- WHAT YOU HAVE TO DO
Could the lines from the line bearing "Durante la jornada" to the end of the records below be copied exactly, with the pictures left out and no other lines added?

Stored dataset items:
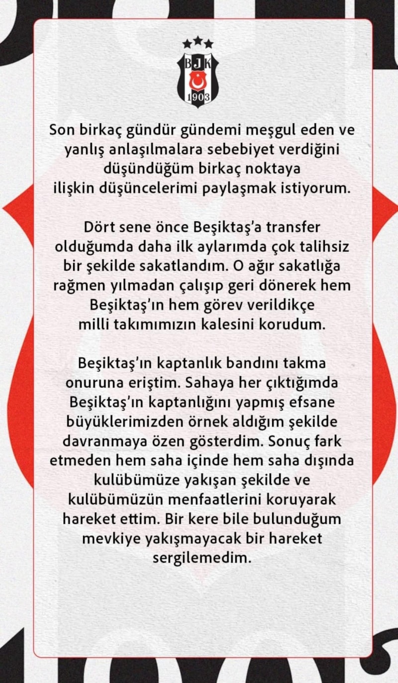 Son birkaç gündür gündemi meşgul eden ve yanlış anlaşılmalara sebebiyet verdiğini düşündüğüm birkaç noktaya ilişkin düşüncelerimi paylaşmak istiyorum. Dört sene önce Beşiktaş'a transfer olduğumda daha ilk aylarımda çok talihsiz bir şekilde sakatlandım. O ağır sakatlığa rağmen yılmadan çalışıp geri dönerek hem Beşiktaş'ın hem görev verildikçe milli takımımızın kale sini korudum. Beşiktaş'ın kaptanlık bandını takma onuruna eriştim. Sahaya her çıktığımda Beşiktaş'ın kaptanlığını yapmış efsane büyüklerimizden örnek aldığım şekilde davranmaya özen gösterdim. Sonuç fark etmeden hem saha içinde hem saha dışında kulübümüze yakışan şekilde ve kulübümüzün menfaatlerini koruyarak hareket ettim. Bir kere bile bulunduğum mevkiye yakışmayacak bir hareket sergilemedim. Bu sezona takım olarak iyi başlamadık. Beşiktaş'a yakışır oyunu sahaya yansıtamadığımız için en fazla üzülenlerden biriyim. Futbol bir takım oyunu ve bu kötü gidişata hep birlikte son verebilmek için elimizden geleni yapıyoruz. Bu süreçte yaşanan kaptanlık değişikliğini de her zaman olduğu gibi olgunlukla karşıladım. Beşiktaş çok köklü bir camiadır ve bu tür aksiyonlar, kurumsal yapının gerektirdiği şekilde alınır. Kariyerimin hiçbir zamanında alınan teknik ve yönetimsel kararlara ilişkin yorum yapmadım. Her türlü karara saygı duydum, bundan sonra da saygı duyacağım. Oynadığım zaman elimden geleni sahaya yansıtıp, oynamadığım zaman da oynayan arkadaşımı destekleyeceğim. Kulübümüze yakışır bir performansla sahada olmamız için elimden gelen tüm çabayı sarf etmeye devam edeceğim.
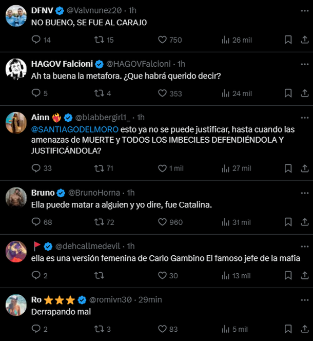 Durante la jornada de este sábado, Furia tuvo una conversación con Emmanuel que disgustó a los seguidores del programa que conduce Santiago del Moro. Luego de que el joven que ahora le es fiel dijera que quería que se terminara el día, Juliana lanzó sin pruritos: "Yo quiero que mi hermana Coy me traiga un arma así le pego un tiro en la pierna a la conch... esa", disparó.
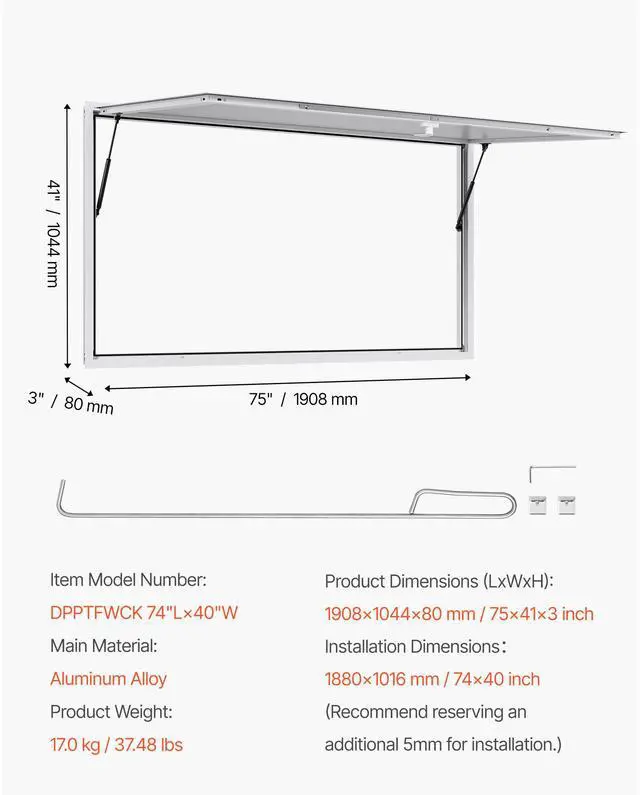 Installation Dimension: 1880x1016 mm / 74x40 inch
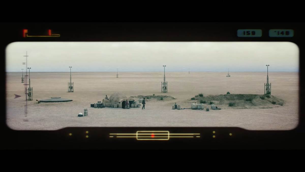Shot 6A: Obi-Wan’s point-of-view looking through macrobinoculars at the Lars homestead, surrounded by moisture vaporators. Beru Lars (Bonnie Piesse) stands in the entrance, while Owen Lars (Joel Edgerton) walks to the right. A roughly ten-year-old child sits on the homestead’s main structure.
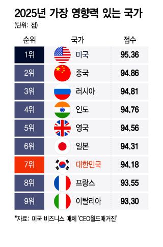 매체는 △정치적 안정성 △경제적 영향력 △국방 예산 △무기 체계 △글로벌 동맹 △문화적 영향력 △군사력 등 7개 항목을 종합 평가했다. 한국은 94.18점을 받아 7위에 올랐다.
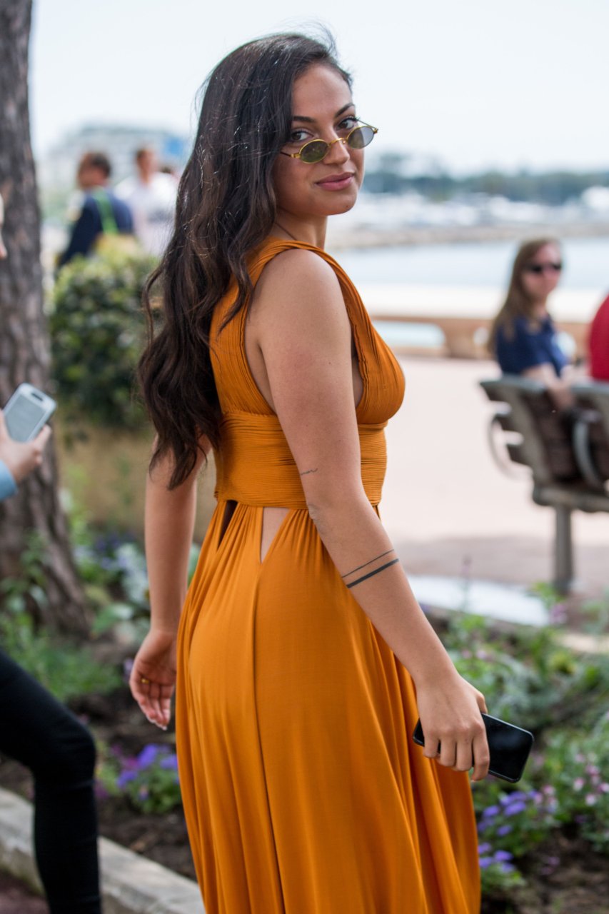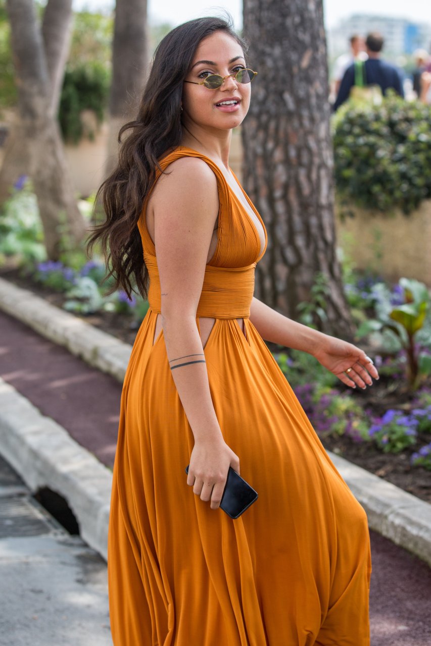 Inanna Sarkis одета в оранжевое платье на Круазетте в Каннах, Франция, 10.05.2018. Обладательница пышной груди, актриса, блогер и звезда социальных сетей продемонстрировала глубокое декольте и послала поцелуй папарацци.

- SOLUTION TO THE EXERCISE
 Durante la jornada de este sábado, Furia tuvo una conversación con Emmanuel que disgustó a los seguidores del programa que conduce Santiago del Moro. Luego de que el joven que ahora le es fiel dijera que quería que se terminara el día, Juliana lanzó sin pruritos: "Yo quiero que mi hermana Coy me traiga un arma así le pego un tiro en la pierna a la conch... esa", disparó.
 Installation Dimension: 1880x1016 mm / 74x40 inch
Shot 6A: Obi-Wan’s point-of-view looking through macrobinoculars at the Lars homestead, surrounded by moisture vaporators. Beru Lars (Bonnie Piesse) stands in the entrance, while Owen Lars (Joel Edgerton) walks to the right. A roughly ten-year-old child sits on the homestead’s main structure.
 매체는 △정치적 안정성 △경제적 영향력 △국방 예산 △무기 체계 △글로벌 동맹 △문화적 영향력 △군사력 등 7개 항목을 종합 평가했다. 한국은 94.18점을 받아 7위에 올랐다.
 Inanna Sarkis одета в оранжевое платье на Круазетте в Каннах, Франция, 10.05.2018. Обладательница пышной груди, актриса, блогер и звезда социальных сетей продемонстрировала глубокое декольте и послала поцелуй папарацци.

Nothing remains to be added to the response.